Former Iowa Gov. Tom Vilsack on Monday said he didn’t think Joseph R. Biden’s skipping a trip to Iowa over the weekend is going to hurt him and that the vice president already has connections in the state that other Democratic contenders might not have built up yet.

“I think Vice President Biden now has the stage pretty much to himself on Tuesday and Wednesday, and especially the opportunity for him to sort of counter-balance the president’s visit to Iowa puts him in a position where it reinforces the notion that he’s the best candidate, at least in his view and his campaign’s view, to take on President Trump,” Mr. Vilsack said on CNN.

The president is scheduled to be in Iowa on Tuesday, which overlaps with Mr. Biden’s trip to the state this week.

“So I don’t think it was necessarily a mistake on the part of the Biden campaign or an unfortunate circumstance,” said Mr. Vilsack, who served as President Barack Obama’s agriculture secretary. “I think the reality is he may have benefited by not being on the stage.”

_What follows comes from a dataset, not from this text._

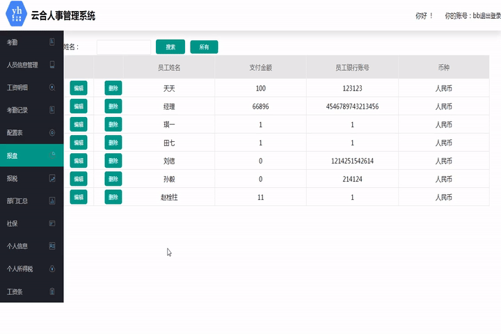 此模塊是工資明細的細分,從工資明細模塊中獲取數據,方便修改每個員工的實發工資金額。可根據姓名查詢。

Nineteen candidates seeking the 2020 Democratic presidential nomination delivered rapid-fire pitches at a Democratic party event on Sunday in Cedar Rapids. But Mr. Biden, who has been keeping a comparatively light public campaigning schedule, instead opted to attend his granddaughter’s high school graduation over the weekend.



Mr. Vilsack did say Iowans are going to expect Mr. Biden to work for the nomination, but that the former vice president is in a different position than most candidates who might be introducing themselves to the states’ residents for the first time.

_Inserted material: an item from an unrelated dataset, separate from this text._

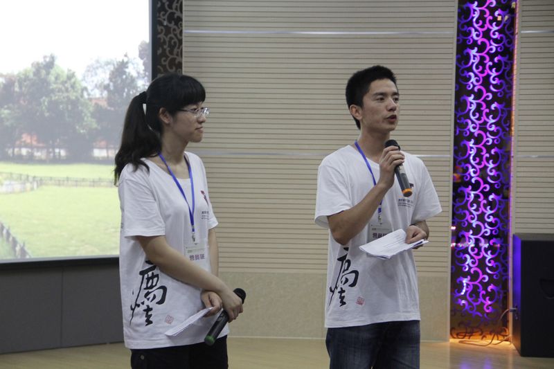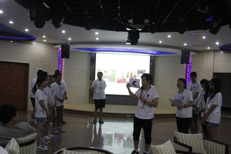 在对浙江大学和之江校区的介绍之后,破冰联谊活动进入核心部分小组讨论以及小组展示环节。夏令营四个小组迅速攻占领地、分划了自己的“势力范围”,或席地而坐或围成一团,组内同学进行了自我介绍、互相熟悉,并经过自我推荐、互相推荐等多种方式,选出了各组组长、组织委员、宣传委员、文体委员、生活委员等骨干力量。在组长的带领下,各组团结一致、发挥组员智慧,对各组组名、口号、组歌、形象大使等的设计以及小组展示的形式等进行了充分讨论。随后,各小组依次上台进行小组展示,第一小组以月轮no.1为组名,寓意大家在月轮山下结缘,并根据歌曲“朋友”的音调改编出了自己的组歌,随后组内各成员进行了自我介绍。第二组组长施丁屹岑手持队名展示牌“closer”,全组以富有创意的T台秀的方式介绍了组内成员,并提出口号:just to be closer,体现了小组的创造力与凝聚力。第三组以包青天的故事引出组名青天月轮,配合英文名black moon,并以狗头铡情景剧的形式生动活泼地展示了自己的组名由来,高喊口号青天不倒、月轮永照,引起现场阵阵笑声。第四组以一对一找朋友的形式细致地介绍了每个组员的姓名、学校,并提出口号one for all,all for one,we are wonderful,给现场营员留下深刻印象。通过小组讨论以及小组展示,各组组员加深了互相了解并迅速建立了友谊,破冰联谊现场气氛活跃、笑语阵阵。

“You have to be there. You have to spend time,” the former governor said. “You have to basically create the connection, but the reality is the vice president’s been connected to our state for a number of years and he has a lot of deep relationships with people. So in that sense, he’s a little bit different than the other candidates who are coming for the first time to the state.”

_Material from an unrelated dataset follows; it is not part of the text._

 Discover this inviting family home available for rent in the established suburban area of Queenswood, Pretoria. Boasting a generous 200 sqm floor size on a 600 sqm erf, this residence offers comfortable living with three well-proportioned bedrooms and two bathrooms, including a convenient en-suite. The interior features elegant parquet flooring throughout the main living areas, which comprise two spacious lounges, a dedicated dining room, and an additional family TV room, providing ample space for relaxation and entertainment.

Mr. Vilsack said Sen. Bernard Sanders, who nearly won Iowa in 2016, also has the same kind of contact with the state.

“At the end of the day, the vice president has got to lay out his vision for the country and Iowans are going to decide whether that’s compelling, and they’re also going to decide who in all of these 23 candidates is the best person to take on President Trump, because that I think, is the central issue. People want to make sure that Democrats win this election,” he said.

Mr. Biden led the Democratic field with support from 24 percent of likely Democratic caucus-goers, according to a CNN/Des Moines Register poll released over the weekend. Mr. Sanders of Vermont was in second place at 16 percent.

Sen. Elizabeth Warren of Massachusetts was close behind, at 15 percent, and South Bend, Indiana, Mayor Pete Buttigieg was next at 14 percent.

To Mr. Vilsack’s point, roughly two-thirds of respondents said it’s more important that the Iowa winner have a strong chance of beating Mr. Trump, compared to about one-third who said it’s more important that the winner share their position on major issues.